Thats super cool, looks very productive and if its built like the equipment models it should be durable.


----------



## peteo1 (Jul 4, 2011)

Looks cool but from the video it doesn't seem to scrape or stack very well. Definitely would cut your time way down though


----------



## DuramaxLML-42 (Jan 8, 2011)

Im scared to ask how much that beast weighs....


----------



## JustJeff (Sep 9, 2009)

Can't tell if it stacks very well. It only showed him stacking once, and we don't know if that was the limit of it's stacking ability. I like the fact that you can pull the wings backwards to contain more snow when back dragging. The wings seem flimsy and bouncy though. I'm not sure about the hydraulics, the wings just seem to bounce all over the place and not stay in a given position.


----------



## scott3430 (Dec 28, 2010)

Looks good for pushing a lot of snow,.....not sure about stacking ability though.


----------



## G.Landscape (Oct 20, 2011)

Either a guy in town is already running this or he has rigged it from one of their other plows. I will ask him.


----------



## dieselboy01 (Jan 18, 2011)

That's a slick set up! I'm guessing the plow lights normally work tho.


----------



## Neige (Jan 29, 2008)

Harleyjeff;1748558 said:


> Can't tell if it stacks very well. It only showed him stacking once, and we don't know if that was the limit of it's stacking ability. I like the fact that you can pull the wings backwards to contain more snow when back dragging. The wings seem flimsy and bouncy though. I'm not sure about the hydraulics, the wings just seem to bounce all over the place and not stay in a given position.

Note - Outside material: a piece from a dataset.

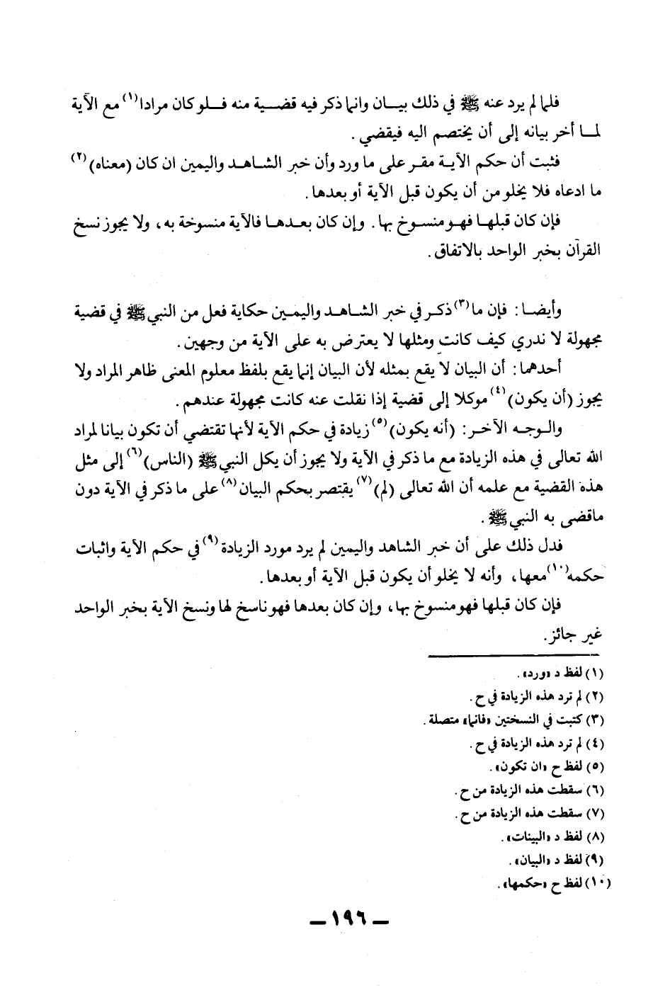 وَلَا يَجُوزُ نَسْخُ الْقُرْآنِ بِخَبَرِ الْوَاحِدِ بِالِاتِّفَاقِ. وَأَيْضًا: فَإِنَّ مَا ذُكِرَ فِي خَبَرِ الشَّاهِدِ وَالْيَمِينِ حِكَايَةُ فِعْلٍ مِنْ النَّبِيِّ - صَلَّى اللَّهُ عَلَيْهِ وَسَلَّمَ - فِي قَضِيَّةٍ مَجْهُولَةٍ لَا نَدْرِي كَيْفَ كَانَتْ وَمِثْلُهَا لَا يُعْتَرَضُ بِهِ عَلَى الْآيَةِ مِنْ وَجْهَيْنِ. أَحَدُهُمَا: أَنَّ الْبَيَانَ لَا يَقَعُ بِمِثْلِهِ لِأَنَّ الْبَيَانَ إنَّمَا يَقَعُ بِلَفْظٍ مَعْلُومِ الْمَعْنَى ظَاهِرِ الْمُرَادِ وَلَا يَجُوزُ (أَنْ يَكُونَ) مُوَكَّلًا إلَى قَضِيَّةٍ إذَا نُقِلَتْ عَنْهُ كَانَتْ مَجْهُولَةً عِنْدَهُمْ. وَالْوَجْهُ الْآخَرُ: (أَنَّهُ يَكُونُ) زِيَادَةً فِي حُكْمِ الْآيَةِ لِأَنَّهَا تَقْتَضِي أَنْ تَكُونَ بَيَانًا لِمُرَادِ اللَّهِ تَعَالَى فِي هَذِهِ الزِّيَادَةِ مَعَ مَا ذُكِرَ فِي الْآيَةِ وَلَا يَجُوزُ أَنْ يَكِلَ النَّبِيُّ - صَلَّى اللَّهُ عَلَيْهِ وَسَلَّمَ - (النَّاسَ) إلَى مِثْلِ هَذِهِ الْقَضِيَّةِ مَعَ عِلْمِهِ أَنَّ اللَّهَ تَعَالَى (لَمْ) يَقْتَصِرْ بِحُكْمِ الْبَيَانِ عَلَى مَا ذُكِرَ فِي الْآيَةِ دُونَ مَا قَضَى بِهِ النَّبِيُّ - صَلَّى اللَّهُ عَلَيْهِ وَسَلَّمَ -. فَدَلَّ ذَلِكَ عَلَى أَنَّ خَبَرَ الشَّاهِدِ وَالْيَمِينِ لَمْ يَرِدْ مَوْرِدَ الزِّيَادَةِ فِي حُكْمِ الْآيَةِ وَإِثْبَاتِ حُكْمِهِ مَعَهَا، وَأَنَّهُ لَا يَخْلُو أَنْ يَكُونَ قَبْلَ الْآيَةِ أَوْ بَعْدَهَا. فَإِنْ كَانَ قَبْلَهَا فَهُوَ مَنْسُوخٌ بِهَا، وَإِنْ كَانَ بَعْدَهَا فَهُوَ نَاسِخٌ لَهَا وَنَسْخُ الْآيَةِ بِخَبَرِ الْوَاحِدِ غَيْرُ جَائِزٍ.
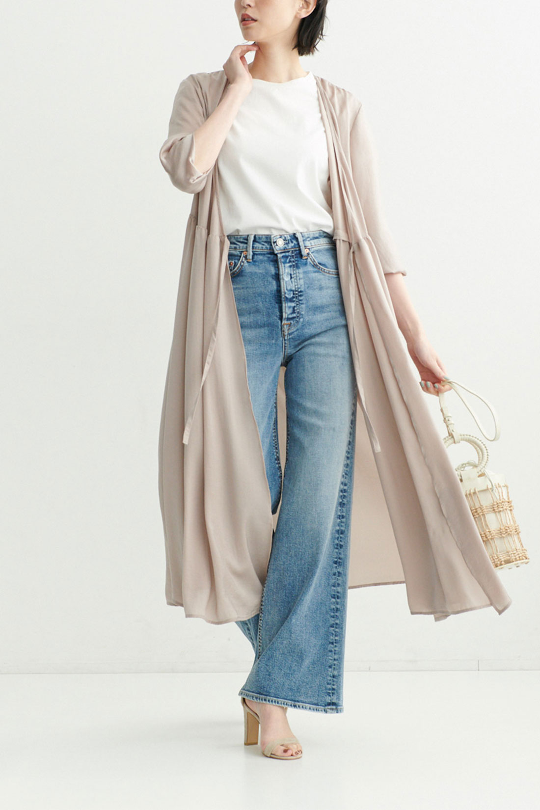 今季注目のピンクベージュに合わせるのはサックスブルーのデニムがおすすめ。一枚で着映えが叶うカシュクールワンピースは女性らしく、さらっと着るだけでコーデにメリハリがつきスタイルアップ効果も叶います。ほどよくフレアー感があり、コーデ全体を優しい印象に導いてくれます。

I can tell you that Metal Pless puts in the same quality and care in all their products. This plow weighs 1500 lbs and the wings are made with CHT 400 steel. There is nothing flimsy about these wings, looks like the operator is playing with the position of the wings. As for stacking it does not look like the operator ever tried to stack. Definately something to catch on video in the future. Remember this is a 8 foot plow with 28 inch mould board and wings, so when its in scoop mode its moving a ton of snow. Here is another video.


----------



## Neige (Jan 29, 2008)

G.Landscape;1748626 said:


> Either a guy in town is already running this or he has rigged it from one of their other plows. I will ask him.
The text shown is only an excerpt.